For any information, human beings always have an impulse to find its most essential composition. For example, for all numbers, we will study prime numbers because prime numbers can not be decomposed, so any integer can be written in the form of prime factor multiplication. For strings, it seems irregular, but due to grammatical reasons, in fact, many strings use few types of characters, that is, the frequency of 26 letters in the alphabet is different. So humans began to study the minimum cyclic section, that is, whether a string is spliced by a cyclic section string. Let's look at the following example:

 

 Pku2406 Power Strings

Find out how many repeated substrings a string consists of. For example, ababab is connected by three ABS, so the answer is 3. For example, abcd is connected by one abcd, so the answer is 1

 

Format

Input

Multiple groups of data, with "." representing the end of the test, the length of the string given by each group of data is < = 1e6

 

Output

Such as title

 

sample input

abcd

aaaa

ababab

.

 

sample output

1

4

3

 

Solution 1:

For this problem, let the read string exist in the character array s, and let its length be len

So you can enumerate the length of the loop section to be i, that is, the first i characters of the character array form the loop section, and then you can verify it. Since character comparison is involved here, hash is used.

#include<iostream>
#include<cstdio>
#include<string>
#include<cstring>
using namespace std;
typedef unsigned long long LL;
const LL base=131;
const int N=1000010;
int n;
LL power[N],sum[N];
bool check(LL v,int k)  //Judge whether s[1]~s[k] is a circular section
{
    for(register int i=1;i+k-1<=n;i+=k){
        if(v!=sum[i+k-1]-sum[i-1]*power[k]) return 0;
    }
    return 1;
}
int main()
{
    power[0]=1;
    for(register int i=1;i<=N-10;++i) //hash preparation
        power[i]=power[i-1]*base;
    char s[N];
    while(scanf("%s",s+1)){
        if(s[1]=='.')break;
        n=strlen(s+1);
        sum[0]=0;
        for(register int i=1;i<=n;++i) sum[i]=sum[i-1]*base+LL(s[i]);
        for(register int i=1;i<=n;++i){
            if(n%i)continue;
            LL expect=sum[i];
            if(check(expect,i)){
                printf("%d\n",n/i);
                break;
            }   
        }
    }
    return 0;
}

　　

Solution 2:

In the above method, we set the length of the loop section as i, of course, i must be the divisor of len. So the whole string is divided into len/i. Then compare the past one by one. Dare to guess, can we not compare so many times?
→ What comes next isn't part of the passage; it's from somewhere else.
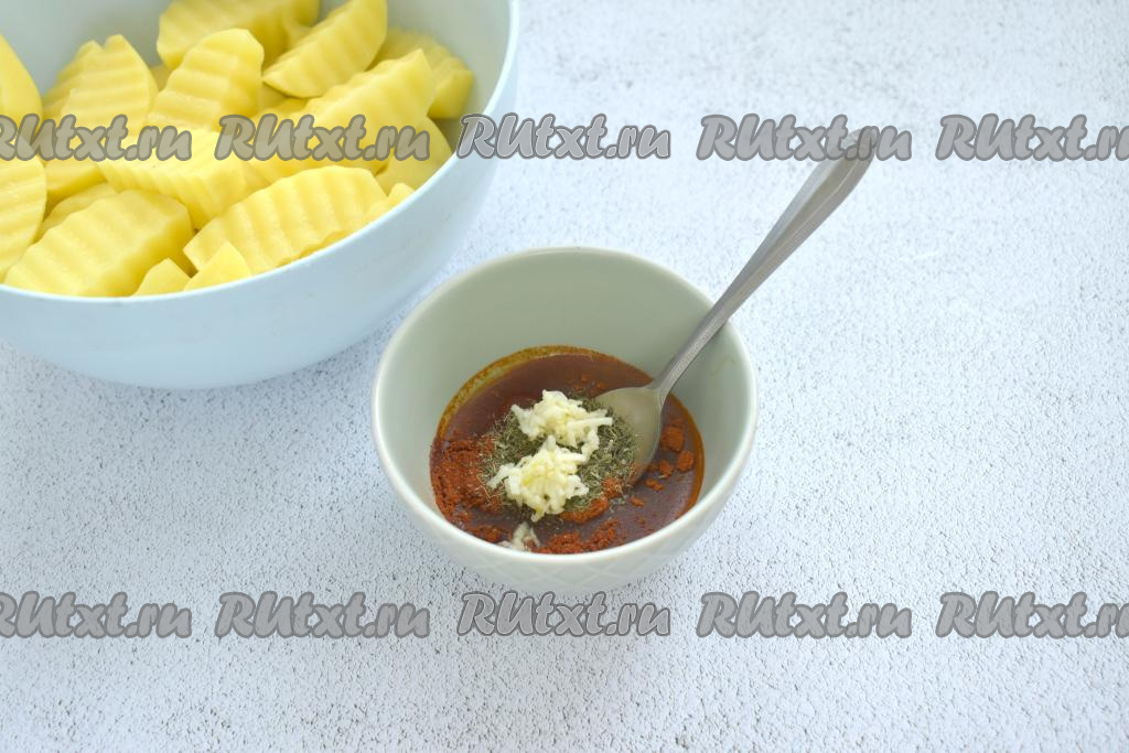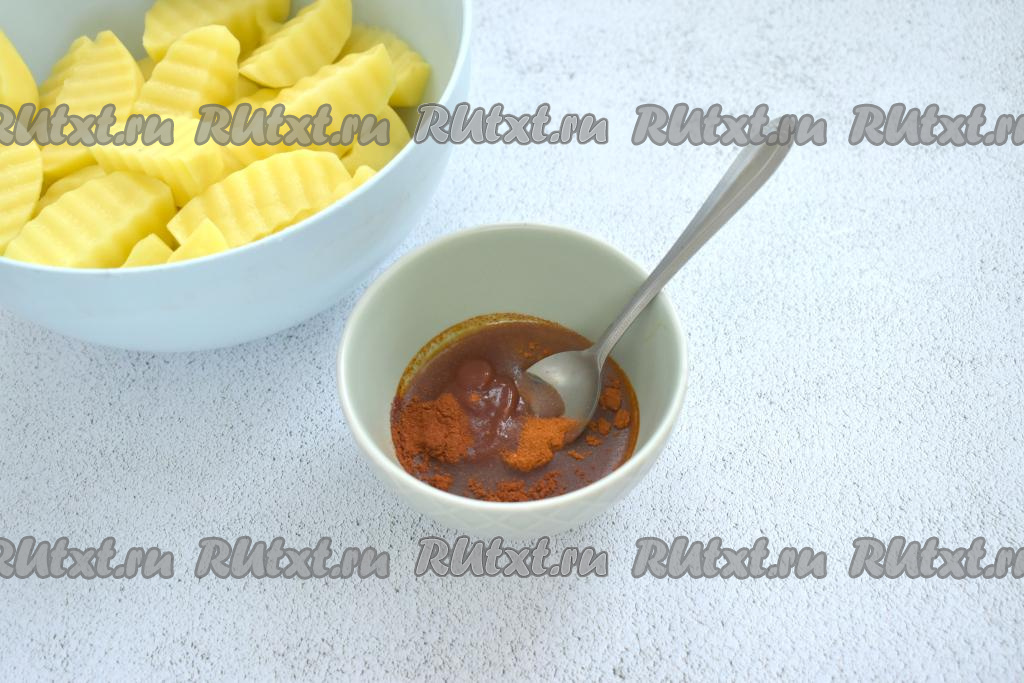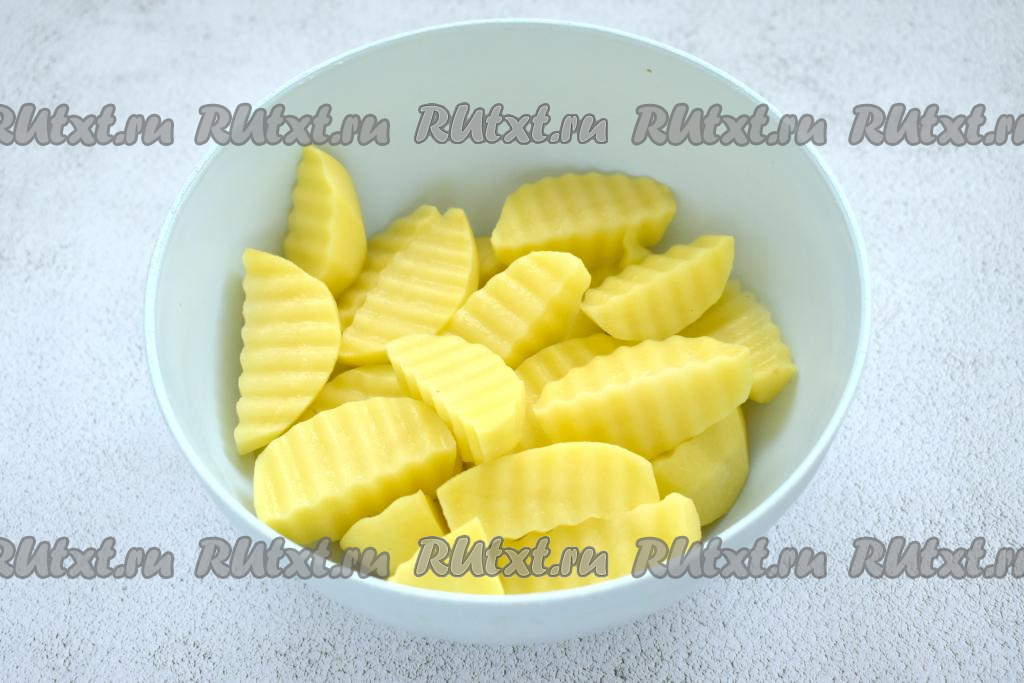 Очищаем картошку, нарезаем её на небольшие дольки и складываем в миску. Я для нарезки использовала фигурный нож, чтобы запечённая картошка выглядела аппетитно.
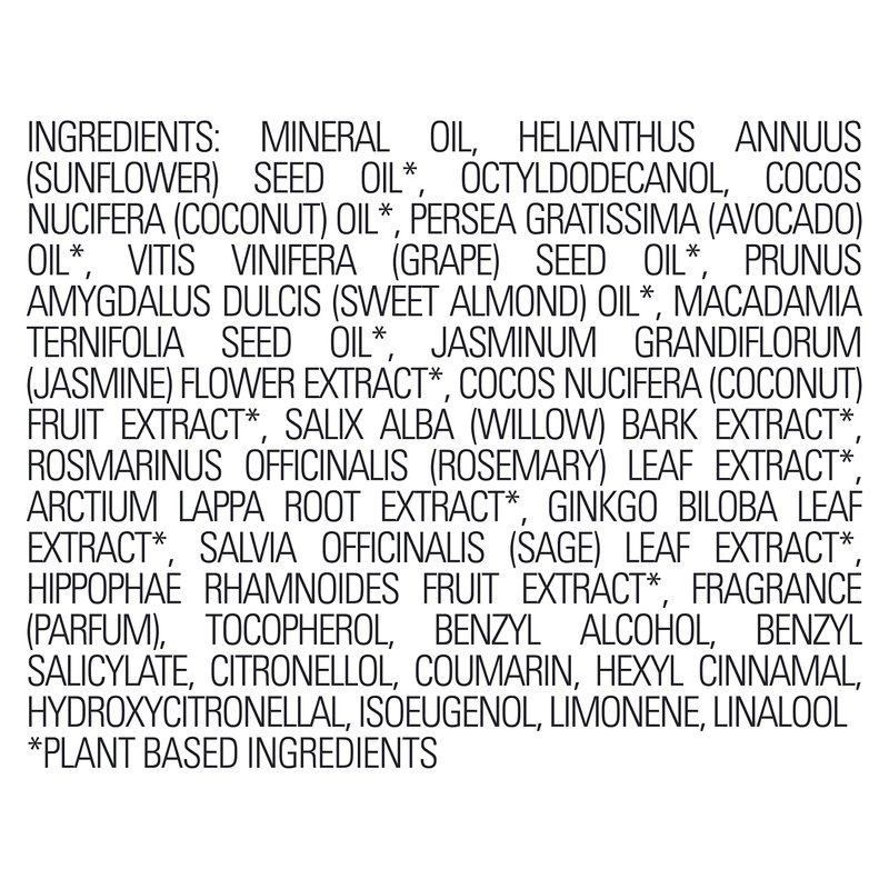 - Formulated with seven precisely selected oils, which include Grape Seed, Sunflower, Macadamia, Sweet Almond, and Avocado oil

Let's draw a diagram. The string s is divided as follows:

 

 

 

In order to distinguish, these paragraphs are marked with different colors.

If the first paragraph is the cyclic section we want, we will copy s once and shift i bit to the right

 

 

If the paragraph a2-a5 is equal to the following paragraph a1-a4, we can see that

A2=a1,a3=a2,a4=a3,a5=a4.

So the cycle section is A1

After analyzing this property, we only need a comparison between characters to know whether a prefix of the string is a cyclic section of the whole string.

#include<bits/stdc++.h>
using namespace std;
typedef unsigned long long ull;
char a[2000000];
int len=0;
ull sum[2000000],power[2000000];
ull get(int l,int r)
{
    return sum[r]-sum[l-1]*power[r-l+1];
}
int main()
{
    while(true)
    {
        scanf("%s",a+1);
        len=strlen(a+1);
        if(a[1]=='.'&&len==1)break;
        memset(sum,0,sizeof(sum));
        memset(power,0,sizeof(power));
        for(int i=1;i<=len;i++)
             sum[i]=sum[i-1]*193+ull(a[i])+1;
        power[0]=1;
        for(int i=1;i<=len;i++)
             power[i]=power[i-1]*193;
        for(int i=1;i<=len;i++) //Specifies the length of the loop section
        {
            if(len%i!=0)continue;
            else
            {
                ull a1=get(1,len-i),a2=get(i+1,len);
              //Note: take the prefix with length len-i to see if it is equal to the suffix with length len-i
                if(a1==a2)
                {
                    printf("%d\n",len/i);//Get the number of cyclic sections
                    break;
                }
            }
        }
    }
     return 0;
}

　　

Sol3:

  In problem solution 2, the number of comparisons is reduced, and it seems that there is no optimization. We turn our attention to the element of the length of the circular joint. In the previous methods, we only require the length i of the loop section to be the divisor of the total length len, so the number of segments divided is k=len/i, without considering the composition of the read string. Obviously, we can count the number of occurrences of each letter in the string. We might as well set it as sum1... Sum26. When we divide the whole string into k segments according to the loop section, we "divide" these letters into k segments, so K is gcd(len,sum1,sum2.... sum26) at most. If the detection is unsuccessful, it should also be the divisor of gcd(len,sum1,sum2.... sum26), So far, we have more accurately constrained the K range, and the code is omitted.